TASK OBJECTIVE
Your task is to copy the lines of the data below from the line holding "Bart Verbruggen, goalkeeper" through the line holding "训练数据集是表1中报告的几个", inclusive, exactly and with nothing added.

DATA IN THIS EXERCISE
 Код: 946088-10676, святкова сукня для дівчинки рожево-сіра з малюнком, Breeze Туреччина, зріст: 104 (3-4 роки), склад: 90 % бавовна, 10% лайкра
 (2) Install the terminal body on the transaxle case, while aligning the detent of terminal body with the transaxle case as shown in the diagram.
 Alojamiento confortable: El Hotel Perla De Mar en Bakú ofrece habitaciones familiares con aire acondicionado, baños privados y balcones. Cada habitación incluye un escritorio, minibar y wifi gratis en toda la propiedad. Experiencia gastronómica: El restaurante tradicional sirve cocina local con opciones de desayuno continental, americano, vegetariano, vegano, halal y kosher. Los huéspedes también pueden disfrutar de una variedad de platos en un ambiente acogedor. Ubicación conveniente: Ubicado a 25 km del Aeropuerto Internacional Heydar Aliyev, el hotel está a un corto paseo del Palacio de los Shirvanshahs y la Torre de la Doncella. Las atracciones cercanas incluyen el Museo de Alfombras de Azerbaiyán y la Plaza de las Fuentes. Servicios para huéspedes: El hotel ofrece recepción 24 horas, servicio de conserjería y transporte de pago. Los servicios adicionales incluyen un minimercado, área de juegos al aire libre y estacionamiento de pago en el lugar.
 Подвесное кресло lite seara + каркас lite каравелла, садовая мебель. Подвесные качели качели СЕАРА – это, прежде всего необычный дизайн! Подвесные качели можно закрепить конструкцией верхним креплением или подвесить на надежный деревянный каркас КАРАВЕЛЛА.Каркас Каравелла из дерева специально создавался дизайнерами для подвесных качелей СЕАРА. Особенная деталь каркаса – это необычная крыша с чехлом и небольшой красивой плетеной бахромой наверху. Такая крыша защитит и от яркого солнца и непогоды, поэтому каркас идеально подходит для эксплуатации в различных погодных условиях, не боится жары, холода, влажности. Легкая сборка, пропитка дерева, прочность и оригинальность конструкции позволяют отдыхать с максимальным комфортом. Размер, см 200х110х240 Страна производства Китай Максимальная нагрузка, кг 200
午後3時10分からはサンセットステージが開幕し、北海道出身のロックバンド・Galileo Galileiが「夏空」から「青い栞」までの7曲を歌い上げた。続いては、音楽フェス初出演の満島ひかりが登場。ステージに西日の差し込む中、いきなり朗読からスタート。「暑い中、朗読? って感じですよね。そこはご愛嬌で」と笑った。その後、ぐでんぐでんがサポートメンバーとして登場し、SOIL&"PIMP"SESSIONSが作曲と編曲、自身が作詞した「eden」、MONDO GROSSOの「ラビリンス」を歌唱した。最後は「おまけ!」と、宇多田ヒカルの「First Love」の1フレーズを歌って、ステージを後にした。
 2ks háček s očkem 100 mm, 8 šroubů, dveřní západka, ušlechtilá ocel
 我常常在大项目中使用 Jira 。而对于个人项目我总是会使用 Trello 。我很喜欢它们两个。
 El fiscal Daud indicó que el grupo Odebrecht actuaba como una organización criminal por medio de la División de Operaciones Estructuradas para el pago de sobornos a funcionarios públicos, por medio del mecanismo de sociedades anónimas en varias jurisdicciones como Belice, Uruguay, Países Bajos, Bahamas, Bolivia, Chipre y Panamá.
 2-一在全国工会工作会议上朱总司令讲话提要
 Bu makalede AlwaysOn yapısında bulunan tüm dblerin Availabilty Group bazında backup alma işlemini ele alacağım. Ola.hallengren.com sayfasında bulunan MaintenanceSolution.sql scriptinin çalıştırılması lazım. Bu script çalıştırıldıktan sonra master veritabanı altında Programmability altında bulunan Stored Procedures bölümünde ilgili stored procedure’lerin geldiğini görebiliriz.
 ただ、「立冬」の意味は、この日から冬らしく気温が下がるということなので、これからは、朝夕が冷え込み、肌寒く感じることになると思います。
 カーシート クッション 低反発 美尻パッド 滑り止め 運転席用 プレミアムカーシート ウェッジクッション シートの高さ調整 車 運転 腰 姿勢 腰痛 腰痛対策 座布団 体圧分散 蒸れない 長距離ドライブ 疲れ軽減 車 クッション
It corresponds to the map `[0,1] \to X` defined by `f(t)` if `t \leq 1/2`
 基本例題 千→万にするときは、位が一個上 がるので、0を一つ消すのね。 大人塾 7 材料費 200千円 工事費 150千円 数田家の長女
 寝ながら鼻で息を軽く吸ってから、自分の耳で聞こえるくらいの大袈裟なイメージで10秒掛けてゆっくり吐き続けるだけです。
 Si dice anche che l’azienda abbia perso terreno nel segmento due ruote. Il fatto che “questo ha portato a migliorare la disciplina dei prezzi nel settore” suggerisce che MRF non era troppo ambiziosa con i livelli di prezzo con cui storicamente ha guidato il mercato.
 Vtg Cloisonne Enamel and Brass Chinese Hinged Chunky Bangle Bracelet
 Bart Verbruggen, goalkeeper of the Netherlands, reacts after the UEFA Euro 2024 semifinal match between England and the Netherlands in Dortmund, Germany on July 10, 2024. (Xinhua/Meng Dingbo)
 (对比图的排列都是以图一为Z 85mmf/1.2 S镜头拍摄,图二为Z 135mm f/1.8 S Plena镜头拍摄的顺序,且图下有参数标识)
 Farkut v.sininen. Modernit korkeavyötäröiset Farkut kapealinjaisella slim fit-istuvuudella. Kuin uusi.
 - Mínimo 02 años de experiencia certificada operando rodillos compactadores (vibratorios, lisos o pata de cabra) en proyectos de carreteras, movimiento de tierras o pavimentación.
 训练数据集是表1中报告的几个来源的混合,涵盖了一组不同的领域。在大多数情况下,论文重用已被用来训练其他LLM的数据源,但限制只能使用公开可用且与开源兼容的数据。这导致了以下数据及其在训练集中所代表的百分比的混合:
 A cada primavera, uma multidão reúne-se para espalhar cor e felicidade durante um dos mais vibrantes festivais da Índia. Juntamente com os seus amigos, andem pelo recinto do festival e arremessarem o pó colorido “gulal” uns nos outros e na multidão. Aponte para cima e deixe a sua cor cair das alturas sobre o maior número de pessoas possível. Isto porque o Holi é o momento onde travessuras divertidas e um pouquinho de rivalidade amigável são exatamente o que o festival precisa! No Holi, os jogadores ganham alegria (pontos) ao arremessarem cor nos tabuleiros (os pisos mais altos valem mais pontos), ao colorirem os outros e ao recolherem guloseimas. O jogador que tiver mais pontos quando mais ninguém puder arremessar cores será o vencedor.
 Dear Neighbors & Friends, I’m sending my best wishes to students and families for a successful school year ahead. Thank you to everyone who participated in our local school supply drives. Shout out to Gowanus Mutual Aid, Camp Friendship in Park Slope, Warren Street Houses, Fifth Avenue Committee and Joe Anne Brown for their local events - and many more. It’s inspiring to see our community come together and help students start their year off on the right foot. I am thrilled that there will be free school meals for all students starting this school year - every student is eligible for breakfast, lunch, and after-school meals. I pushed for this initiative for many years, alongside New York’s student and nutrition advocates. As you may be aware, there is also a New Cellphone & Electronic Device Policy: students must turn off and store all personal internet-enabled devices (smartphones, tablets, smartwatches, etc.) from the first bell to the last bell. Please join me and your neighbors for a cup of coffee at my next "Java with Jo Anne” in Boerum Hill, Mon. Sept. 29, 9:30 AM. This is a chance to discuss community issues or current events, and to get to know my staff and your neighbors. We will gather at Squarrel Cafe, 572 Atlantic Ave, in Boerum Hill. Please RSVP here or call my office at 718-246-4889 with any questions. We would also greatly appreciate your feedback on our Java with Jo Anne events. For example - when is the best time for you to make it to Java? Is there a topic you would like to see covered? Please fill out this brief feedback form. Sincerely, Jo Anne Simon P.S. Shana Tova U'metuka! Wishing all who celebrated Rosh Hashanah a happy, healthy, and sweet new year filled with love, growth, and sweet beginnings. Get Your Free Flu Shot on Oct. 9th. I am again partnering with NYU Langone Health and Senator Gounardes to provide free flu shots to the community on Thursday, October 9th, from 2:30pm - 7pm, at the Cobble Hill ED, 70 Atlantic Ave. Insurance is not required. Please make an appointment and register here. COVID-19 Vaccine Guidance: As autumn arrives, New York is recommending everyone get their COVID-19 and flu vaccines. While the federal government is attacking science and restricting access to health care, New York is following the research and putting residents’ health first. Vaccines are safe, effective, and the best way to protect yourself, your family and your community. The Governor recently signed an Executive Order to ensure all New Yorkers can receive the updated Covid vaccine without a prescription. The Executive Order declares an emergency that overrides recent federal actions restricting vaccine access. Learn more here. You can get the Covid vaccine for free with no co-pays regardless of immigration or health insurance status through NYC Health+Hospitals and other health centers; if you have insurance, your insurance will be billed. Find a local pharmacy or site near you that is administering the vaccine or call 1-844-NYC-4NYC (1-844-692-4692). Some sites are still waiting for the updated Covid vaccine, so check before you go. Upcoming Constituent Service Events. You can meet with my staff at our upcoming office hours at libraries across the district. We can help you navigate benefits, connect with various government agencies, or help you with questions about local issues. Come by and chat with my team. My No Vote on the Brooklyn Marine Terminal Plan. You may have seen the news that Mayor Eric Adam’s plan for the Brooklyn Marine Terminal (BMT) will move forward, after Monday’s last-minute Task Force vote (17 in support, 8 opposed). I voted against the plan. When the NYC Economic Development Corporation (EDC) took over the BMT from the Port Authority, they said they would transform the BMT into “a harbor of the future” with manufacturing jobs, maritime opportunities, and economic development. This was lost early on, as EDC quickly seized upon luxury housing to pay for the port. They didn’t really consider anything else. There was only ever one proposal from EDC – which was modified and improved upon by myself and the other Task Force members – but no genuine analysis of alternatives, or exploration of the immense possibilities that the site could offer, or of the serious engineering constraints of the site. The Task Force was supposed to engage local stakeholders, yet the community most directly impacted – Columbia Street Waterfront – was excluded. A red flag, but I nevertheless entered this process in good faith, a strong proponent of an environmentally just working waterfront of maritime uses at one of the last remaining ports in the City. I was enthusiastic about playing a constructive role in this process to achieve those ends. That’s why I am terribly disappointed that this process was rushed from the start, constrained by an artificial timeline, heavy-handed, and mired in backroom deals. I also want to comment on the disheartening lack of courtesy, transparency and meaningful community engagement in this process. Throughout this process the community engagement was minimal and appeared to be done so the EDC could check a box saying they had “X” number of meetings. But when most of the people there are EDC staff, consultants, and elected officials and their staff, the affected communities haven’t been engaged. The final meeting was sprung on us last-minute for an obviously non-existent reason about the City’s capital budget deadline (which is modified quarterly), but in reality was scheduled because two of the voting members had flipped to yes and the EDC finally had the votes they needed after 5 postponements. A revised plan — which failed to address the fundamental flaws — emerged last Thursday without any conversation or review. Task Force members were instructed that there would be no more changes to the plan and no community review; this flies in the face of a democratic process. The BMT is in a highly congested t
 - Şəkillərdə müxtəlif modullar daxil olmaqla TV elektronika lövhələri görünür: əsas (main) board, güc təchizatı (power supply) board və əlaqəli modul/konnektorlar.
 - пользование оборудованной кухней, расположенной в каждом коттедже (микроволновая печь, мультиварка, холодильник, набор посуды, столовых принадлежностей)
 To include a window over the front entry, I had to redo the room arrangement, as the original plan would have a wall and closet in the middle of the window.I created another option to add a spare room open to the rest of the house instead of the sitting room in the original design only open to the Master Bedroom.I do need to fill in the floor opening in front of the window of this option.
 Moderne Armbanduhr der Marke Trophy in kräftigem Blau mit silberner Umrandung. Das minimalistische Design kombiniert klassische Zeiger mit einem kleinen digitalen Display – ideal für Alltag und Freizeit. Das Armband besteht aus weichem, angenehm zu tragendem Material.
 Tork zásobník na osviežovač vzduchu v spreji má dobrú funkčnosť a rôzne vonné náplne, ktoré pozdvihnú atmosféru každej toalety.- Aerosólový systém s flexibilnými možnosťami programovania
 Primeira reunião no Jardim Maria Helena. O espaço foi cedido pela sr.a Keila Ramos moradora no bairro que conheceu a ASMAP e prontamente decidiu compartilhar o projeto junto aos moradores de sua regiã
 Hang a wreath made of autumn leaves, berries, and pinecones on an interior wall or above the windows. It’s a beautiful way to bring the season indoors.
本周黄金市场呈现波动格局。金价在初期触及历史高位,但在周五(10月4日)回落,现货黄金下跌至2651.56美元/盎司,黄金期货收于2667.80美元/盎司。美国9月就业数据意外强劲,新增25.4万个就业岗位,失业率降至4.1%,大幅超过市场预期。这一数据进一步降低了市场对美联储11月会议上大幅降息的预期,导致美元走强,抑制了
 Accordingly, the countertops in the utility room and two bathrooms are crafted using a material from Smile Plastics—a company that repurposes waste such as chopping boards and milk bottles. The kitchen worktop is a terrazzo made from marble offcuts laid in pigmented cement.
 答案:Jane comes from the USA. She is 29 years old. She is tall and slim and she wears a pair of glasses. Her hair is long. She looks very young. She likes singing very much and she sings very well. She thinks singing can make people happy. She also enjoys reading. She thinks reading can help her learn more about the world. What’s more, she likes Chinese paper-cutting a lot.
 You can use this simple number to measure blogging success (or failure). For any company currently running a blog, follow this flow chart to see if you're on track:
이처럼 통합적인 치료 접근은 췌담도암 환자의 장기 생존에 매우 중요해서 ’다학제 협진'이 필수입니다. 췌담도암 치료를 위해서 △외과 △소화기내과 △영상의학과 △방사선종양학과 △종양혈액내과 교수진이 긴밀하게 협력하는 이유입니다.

TASK ANSWER
 Bart Verbruggen, goalkeeper of the Netherlands, reacts after the UEFA Euro 2024 semifinal match between England and the Netherlands in Dortmund, Germany on July 10, 2024. (Xinhua/Meng Dingbo)
 (对比图的排列都是以图一为Z 85mmf/1.2 S镜头拍摄,图二为Z 135mm f/1.8 S Plena镜头拍摄的顺序,且图下有参数标识)
 Farkut v.sininen. Modernit korkeavyötäröiset Farkut kapealinjaisella slim fit-istuvuudella. Kuin uusi.
 - Mínimo 02 años de experiencia certificada operando rodillos compactadores (vibratorios, lisos o pata de cabra) en proyectos de carreteras, movimiento de tierras o pavimentación.
 训练数据集是表1中报告的几个来源的混合,涵盖了一组不同的领域。在大多数情况下,论文重用已被用来训练其他LLM的数据源,但限制只能使用公开可用且与开源兼容的数据。这导致了以下数据及其在训练集中所代表的百分比的混合:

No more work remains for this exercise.